There was a silence here of some duration; and then Dolly exclaimed, "I see it. I shall know now."

"What, Dolly?"

"How to do, Aunt Harry."

"How to do what?"

"Everything. I was thinking particularly just then" – Dolly hesitated.

"Yes, of what?"

"Of dressing myself."

"Dressing yourself, you chicken?"

"Yes, Aunt Harry. I see it. If I do not dress for Christ, I do it for the world."

"Don't go into another extreme now, Dolly."

"No, Aunt Harry. I cannot be wrong, can I, if I do it for Christ?"

"I wonder how many girls of sixteen in the country have such a thought? And I wonder, how long will you be able to keep it, Dolly?"

"Why not, Aunt Harry?"

"O child! because you have got to meet the world."

"What will the world do to me?" Dolly asked, half laughing in her simple ignorance.

"When I think what it will do to you, Dolly, I am ready to break my heart. It will tempt you, child. It will tempt you with beauty, and with pleasant things; pleasant things that look so harmless! and it will seek to persuade you with sweet voices and with voices of authority; and it will show you everybody going one way, and that not your way."

"But I will follow Christ, Aunt Hal."

"Then you will have to bear reproach."

"I would rather bear the world's reproach, than His."

"If you don't get over-persuaded, child, or deafened with the voices!"

"She will have to do like the little girl in the fairy tale," said Mr. Eberstein; "stuff cotton in her ears. The little girl in the fairy tale was going up a hill to get something at the top – what was she going for, that was at the top of the hill?"

"I know!" cried Dolly. "I remember. She was going for three things. The Singing bird and the Golden water, and – I forget what the third thing was."

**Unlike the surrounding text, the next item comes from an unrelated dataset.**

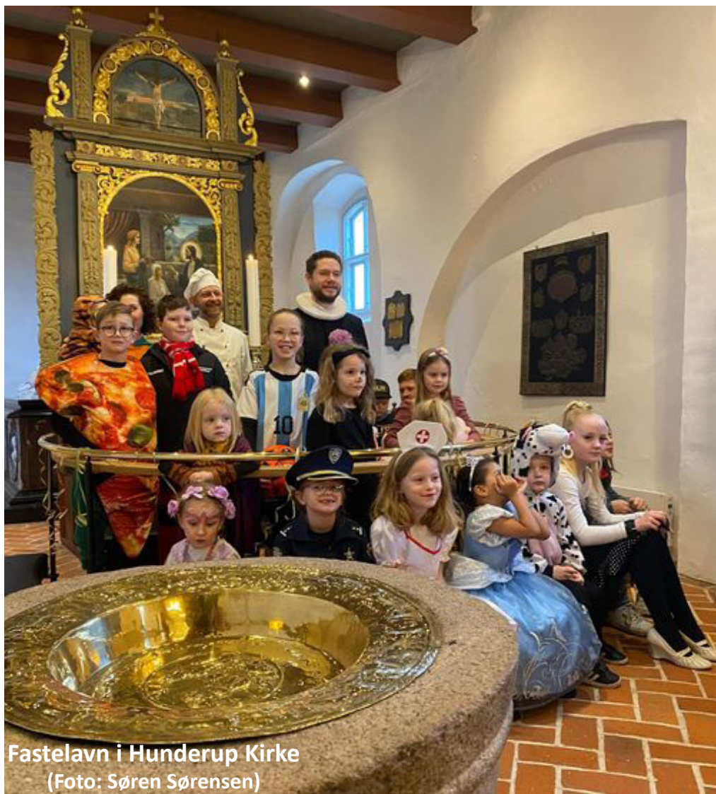
Fastelavn i Hunderup Kirke

"Well, you see what that means," Mr. Eberstein went on. "She was going up the hill for the Golden water at the top; and there were ten thousand voices in her ears tempting her to look round; and if she looked, she would be turned to stone. The road was lined with stones, which had once been pilgrims. You see, Dolly? Her only way was to stop her ears."

"I see, Uncle Ned."

"What shall Dolly stop her ears with?" asked Mrs. Eberstein.

"These words will do. 'Whether ye eat, or drink, or whatsoever ye do, do all to the glory of God.'"

There was little more talking, for as the evening drew on, the heaviness of the parting weighed too hard upon all hearts. The next day Dolly made the journey to Boston, and from there to her parents' house; and her childhood's days were over.